### Recorded data
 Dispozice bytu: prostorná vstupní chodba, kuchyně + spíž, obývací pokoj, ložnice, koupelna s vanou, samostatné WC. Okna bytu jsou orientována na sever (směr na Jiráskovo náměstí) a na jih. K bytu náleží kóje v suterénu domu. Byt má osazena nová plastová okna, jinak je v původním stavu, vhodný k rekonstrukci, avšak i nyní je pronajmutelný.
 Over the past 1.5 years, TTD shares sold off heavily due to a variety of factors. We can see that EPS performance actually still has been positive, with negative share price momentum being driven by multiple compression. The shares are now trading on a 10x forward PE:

--

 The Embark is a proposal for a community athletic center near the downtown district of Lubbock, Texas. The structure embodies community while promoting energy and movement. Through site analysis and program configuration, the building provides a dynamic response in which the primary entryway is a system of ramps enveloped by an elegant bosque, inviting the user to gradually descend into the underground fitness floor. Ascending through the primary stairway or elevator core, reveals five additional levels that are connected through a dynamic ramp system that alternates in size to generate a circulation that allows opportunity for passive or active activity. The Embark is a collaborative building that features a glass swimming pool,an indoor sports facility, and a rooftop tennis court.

---

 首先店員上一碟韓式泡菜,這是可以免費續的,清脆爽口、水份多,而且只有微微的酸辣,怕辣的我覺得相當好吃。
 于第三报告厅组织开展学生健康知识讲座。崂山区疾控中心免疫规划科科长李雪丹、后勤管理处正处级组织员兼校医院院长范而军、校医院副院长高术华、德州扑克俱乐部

### Task
What you return should be exactly the lines above, starting at the one with "Dispozice bytu: prostorná" and ending at the one with "Over the past", and nothing else.

### The answer
 Dispozice bytu: prostorná vstupní chodba, kuchyně + spíž, obývací pokoj, ložnice, koupelna s vanou, samostatné WC. Okna bytu jsou orientována na sever (směr na Jiráskovo náměstí) a na jih. K bytu náleží kóje v suterénu domu. Byt má osazena nová plastová okna, jinak je v původním stavu, vhodný k rekonstrukci, avšak i nyní je pronajmutelný.
 Over the past 1.5 years, TTD shares sold off heavily due to a variety of factors. We can see that EPS performance actually still has been positive, with negative share price momentum being driven by multiple compression. The shares are now trading on a 10x forward PE:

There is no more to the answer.